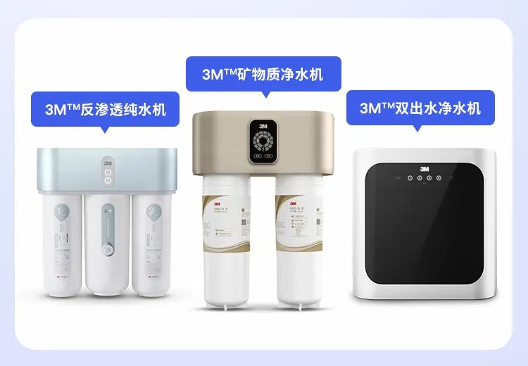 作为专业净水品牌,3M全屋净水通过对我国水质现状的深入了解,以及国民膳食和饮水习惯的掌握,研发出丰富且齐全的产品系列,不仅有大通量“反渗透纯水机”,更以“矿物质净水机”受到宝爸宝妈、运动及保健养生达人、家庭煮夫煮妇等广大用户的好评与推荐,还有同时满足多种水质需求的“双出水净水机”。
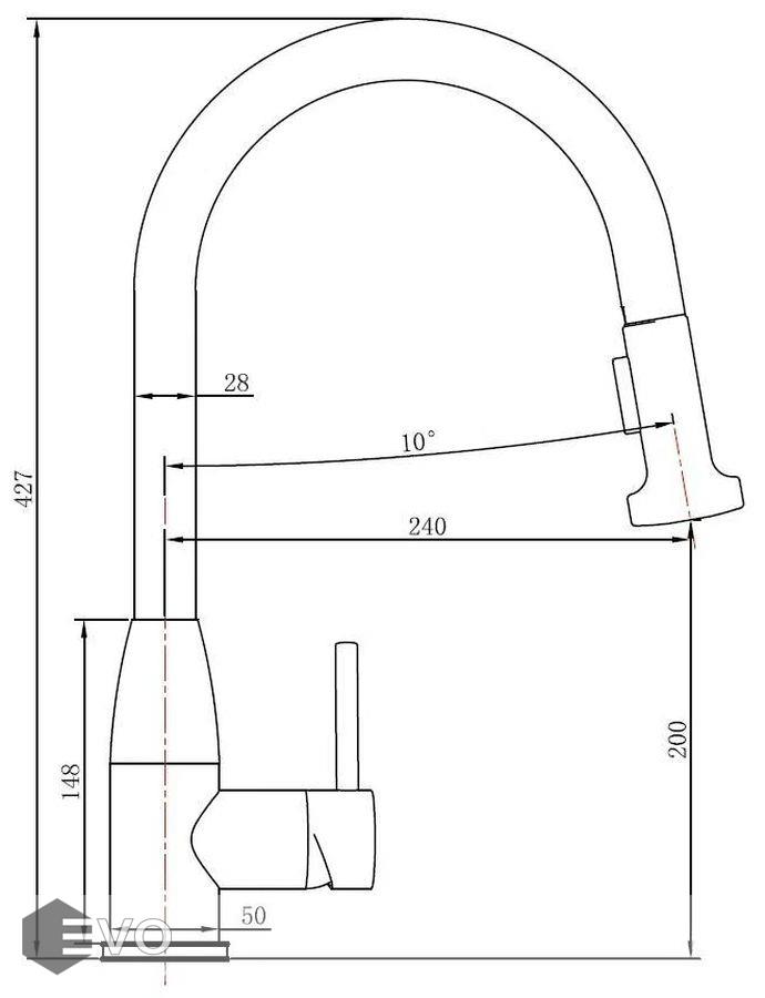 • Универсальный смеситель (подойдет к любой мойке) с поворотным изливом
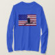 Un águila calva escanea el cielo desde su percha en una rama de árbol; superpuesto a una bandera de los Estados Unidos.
* * *
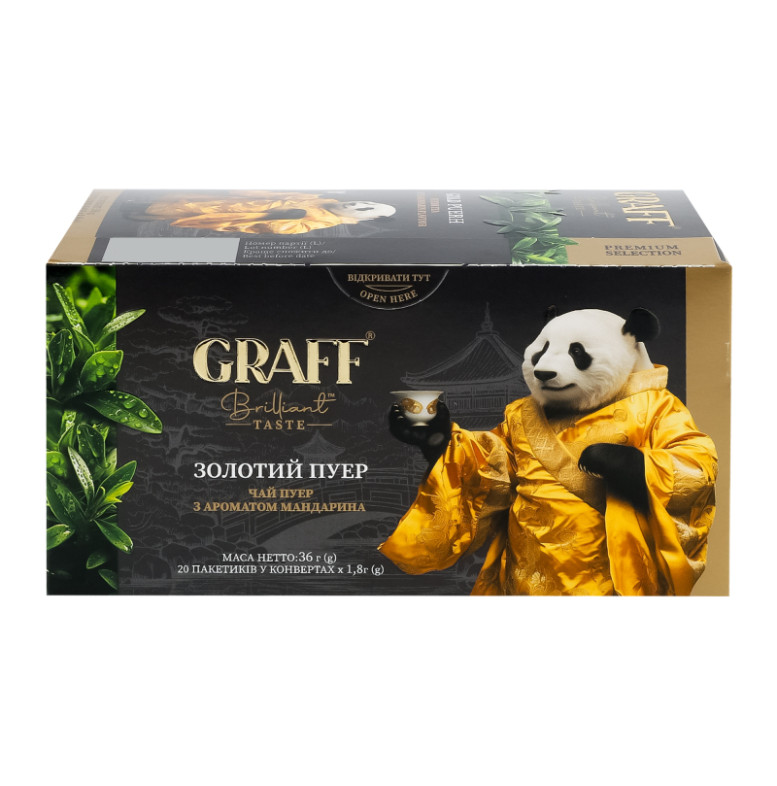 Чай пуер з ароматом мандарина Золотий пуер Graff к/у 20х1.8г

Task to complete |
Look above for the line with "作为专业净水品牌,3M全屋净" and copy exactly from it through the line with "с поворотным изливом", both included. Omit the pictures.

Completed exercise |
 作为专业净水品牌,3M全屋净水通过对我国水质现状的深入了解,以及国民膳食和饮水习惯的掌握,研发出丰富且齐全的产品系列,不仅有大通量“反渗透纯水机”,更以“矿物质净水机”受到宝爸宝妈、运动及保健养生达人、家庭煮夫煮妇等广大用户的好评与推荐,还有同时满足多种水质需求的“双出水净水机”。
 • Универсальный смеситель (подойдет к любой мойке) с поворотным изливом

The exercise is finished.